I’m in the back of his car. She’s lying on my chest after I moved to lean against the corner. I’d rather not rest against the steep incline of the hatchback any longer. It’s my playlist tonight. The song is about ending up alone. That’s not anything I’m worried about; ending up alone.

Even lyrics who find themselves wholly out of context in one’s life can make you feel something. Au/Ra sings sad songs. I’m not really sad in the same way she presents sadness.

The next song that comes on makes me smile to myself.

I’ve laid all the way down from my sitting position. The song nearly puts him to sleep. Inexplicably, like a raindrop falling on your nose during a cloudless evening, that’s the funniest thing to me. Xy doesn’t like songs without much dynamism, and yet, here xy is, nestled against me like it’s the last thing xy’ll ever hear. All I can think is that I’m the luckiest girl in the world. It blares in my head like a foghorn over the ocean chop.

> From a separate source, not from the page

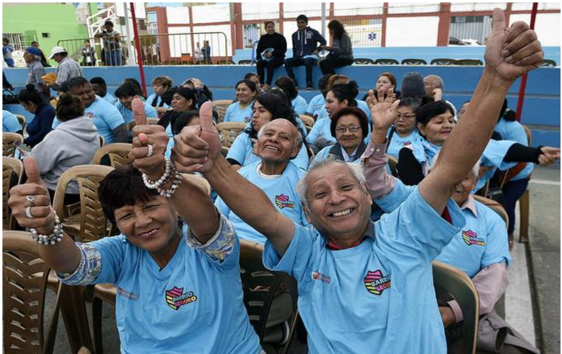
Inauguración de Barrio Seguro en Carmen de La Legua, Callao

I have to piss. There’s a small forest on the edge of a hardly-used road about a hundred meters from the car. I close the door and am met with my favorite sound in the world: the wind.

While walking off the sidewalk towards the trees, I fail to heed her advice from a few nights ago: the tire tracks are still muddy. Ah, well. At least the winter trees are pretty. Barren, but honestly, I like them that way.

I walk back to civilization, a scant hop and a leap over those damn tire tracks. He’s still there, waiting for me.